– Зря я решил, что ты здесь ничего испортить не сможешь, – хмуро сказал хозяин. – Да у тебя же просто талант необыкновенный – портить всё вокруг.
– Я больше не буду! – захныкал Глем. – Вытащите меня отсюда пожа-а-алуйста!
– Некогда тебя выковыривать! Нам срочно надо делать миски для лапши. Подождёшь, пока мы освободимся. И пусть это тебе будет хорошим уроком! Эй, подмастерья! Отнесите корыто куда-нибудь в тенёчек, а то этот охламон зажарится тут в собственном соку!

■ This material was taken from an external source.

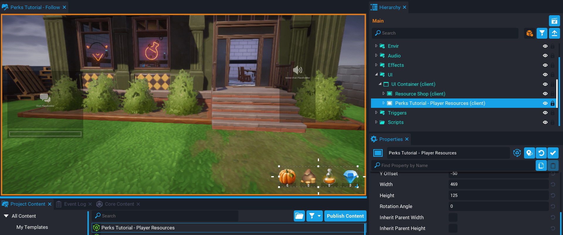 1. Drag the template Perks Tutorial - Resource Shop Item into the Items panel.

Весь день горе-работяга пролежал неподвижно в корыте, фырканьем отгоняя назойливых мух, которые всенепременно хотели прогуляться по его лицу. Работы у гончара и его помощников было много, закончили они трудиться поздно вечером. Все очень устали, а потому на злополучного месильщика просто махнули рукой: ничего-де с ним не сделается, переночует как есть! Поэтому всю ночь Глем тоже провёл в корыте, а отдолбили его только на следующее утро. Получив прощальный пинок от хозяина гончарной мастерской, Глем почесал ушибленное место, достал из кармана и пересчитал оставшиеся у него фелички*.
(* Феличками назывались самые мелкие монетки в городе Фель. Иногда бывает так, что монетки называют в честь города. Например, в городе Копейске – копеечки).

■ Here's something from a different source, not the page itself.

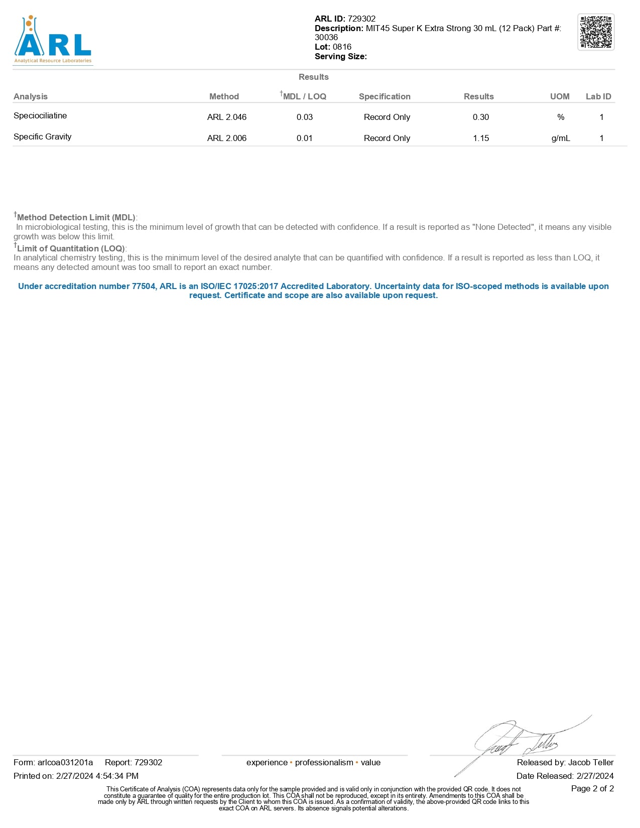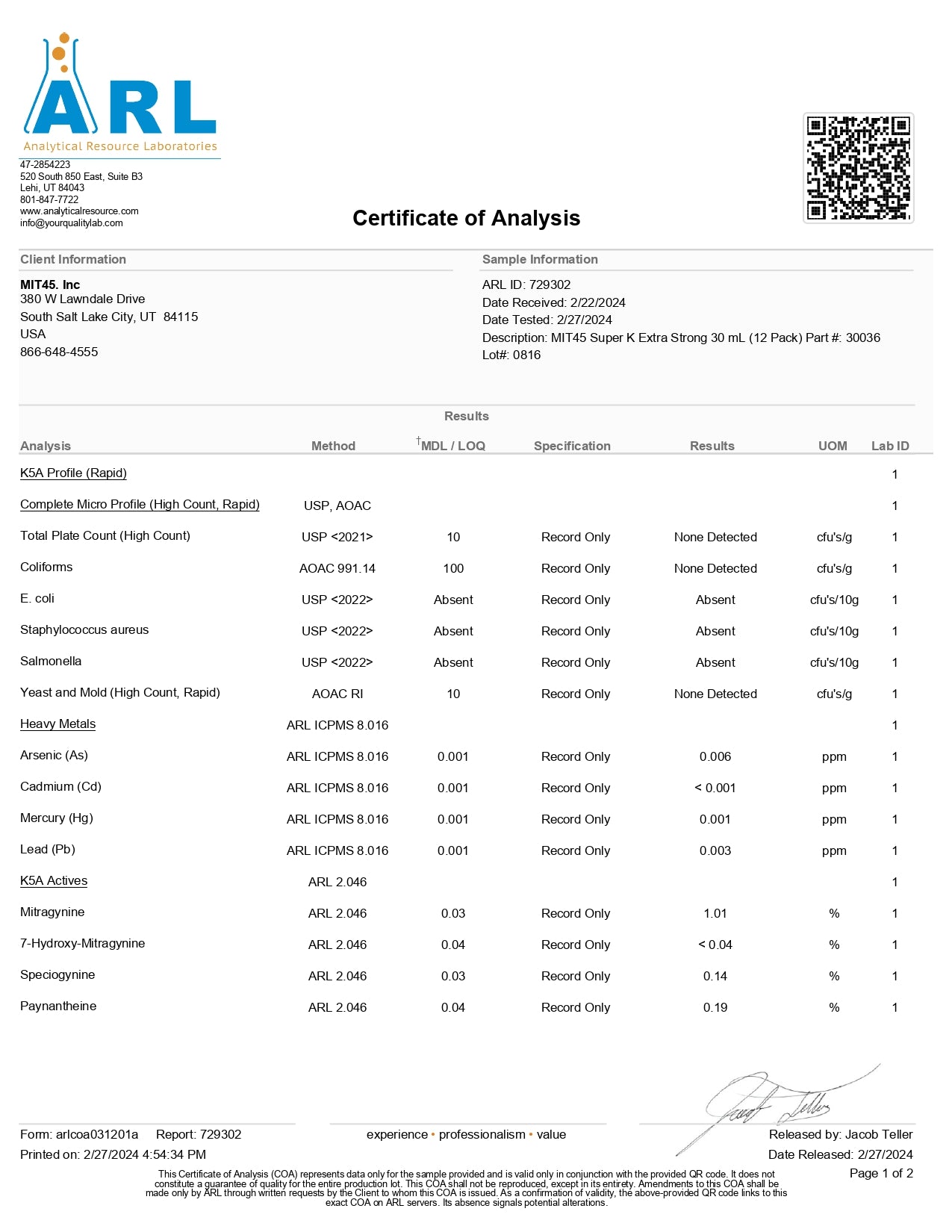 Each 30 ml bottle of MIT45 Super K Extra Strong contains 1,200 mg of Mitragyna speciosa extract and is recommended for 5-6 servings. Users recommend Super K Extra Strong for evening or nighttime use. Please, consume responsibly.

Монеток было мало, хватало только на то, чтобы скромно позавтракать, и Глем направился в харчевню «Весёлый Обжорка», чтобы немного перекусить и поискать себе какую-нибудь новую работу. Потому что в эту харчевню шли и те, кому была нужна работа, и те, кто искал себе работников. Глем купил большую тарелку овсяной каши-размазни. Конечно, он с удовольствием покушал бы чего-нибудь повкуснее, но феличек у него оставалось до обидного мало. Без особого удовольствия он жевал кашу, когда входная дверь отворилась и в харчевню вошёл высокий румяный человек. Судя по одежде, он был фермером.
– Ну что, кто тут феличек подзаработать желает? – громко спросил фермер.
– Мммя!.. Мммя!.. – Глем, как ученик на уроке, вытянул вверх руку. Он хотел сказать «Я! Я!», но рот был забит, и получилось то, что получилось. Потом он проглотил кашу и уже более внятно спросил. – А это… делать-то чего надобно?
– Огород мой по ночам надобно стеречь. А то, гляди ж ты, повадился кто-то тыквы таскать.
– Ну, это я смогу. Я на это согласный, – быстро закивал Глем.
– Ох, и не советую я тебе его брать, – покачал головой подошедший в это время хозяин гончарной мастерской, которому требовался новый месильщик вместо Глема. – Хуже работника я в жизни не видал!
– Так ведь огород охранять – работёнка не хитрая. Здесь больших умений не надобно! – ответил ему фермер.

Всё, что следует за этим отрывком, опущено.